# My plan for installing custom mp3 player inputs



## porsche6714 (Jun 28, 2009)

hello, I recently bought an mp3 player for use in my 2005.5 jetta. It doesnt have any aux inputs so obviously im looking to add one. I want to make this look as stock as possible. I want to use http://enfigcarstereo.com/shop....html and http://www.radioshack.com/prod...ge=60 to create an aux input that looks semi stock. Clearly some wiring would be in order to connect the two but should be failly simple. I was looking for a place to put the aux input on my dash and thought of this..i have no idea if it would work though. Those blank buttons next to the ESP right above the shift knob. Whats under those and is there any way i can get to them?


----------



## jettanoob (Jun 22, 2009)

*Re: My plan for installing custom mp3 player inputs (porsche6714)*

this is exactly what I was planning to do (using the same blank area next to the ESP) but I have an 06.
http://forums.vwvortex.com/zerothread?id=4445615


----------



## jettanoob (Jun 22, 2009)

*Re: My plan for installing custom mp3 player inputs (jettanoob)*

Did you ever complete your install? I am still waiting for parts.

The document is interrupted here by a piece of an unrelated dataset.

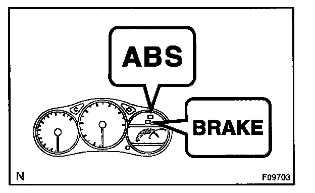 - If the indicator check result is not normal, proceed to troubleshooting for the ABS warning light circuit or BRAKE warning light circuit.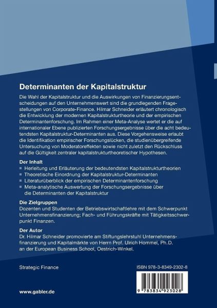Die Wahl der Kapitalstruktur und die Auswirkungen von Finanzierungsentscheidungen auf den Unternehmenswert sind die grundlegenden Fragestellungen von Corporate-Finance. Hilmar Schneider erläutert chronologisch die Entwicklung der modernen Kapitalstrukturtheorie und der empirischen Determinantenforschung. Im Rahmen einer Meta-Analyse wertet er die auf internationaler Ebene publizierten Forschungsergebnisse über die acht bedeutendsten Kapitalstruktur-Determinanten aus. Diese Vorgehensweise erlaubt die Identifikation empirischer Forschungslücken, die studienübergreifende Untersuchung von Moderatoreffekten sowie nicht zuletzt den Rückschluss auf die Gültigkeit zentraler kapitalstrukturtheoretischer Hypothesen.

Just got my parts in, slow shipping Enfig







I will take photos of my install when I get some more free time


_Modified by jettanoob at 4:52 PM 7-19-2009_


----------



## Raketemensch (Aug 12, 2009)

aaaaaaand here's hoping you find some free time soon...


----------



## dadbar (Nov 25, 2007)

*Re: My plan for installing custom mp3 player inputs (porsche6714)*

http://enfigcarstereo.com/shop....html
I did the same thing but bought the version that fits the CD changer connection in the trunk (I have a 98 Cabrio with the trunk mounted CD changer). I ran an extension audio cable through the back seat and under the carpet to the front....I can plug the cable into my Ipod or my Sirius tuner, depending upon the mood. The best part is that you don't have to futz around with removing the head unit...and I can unplug it and plug the CD changer back in if I feel like using it.


----------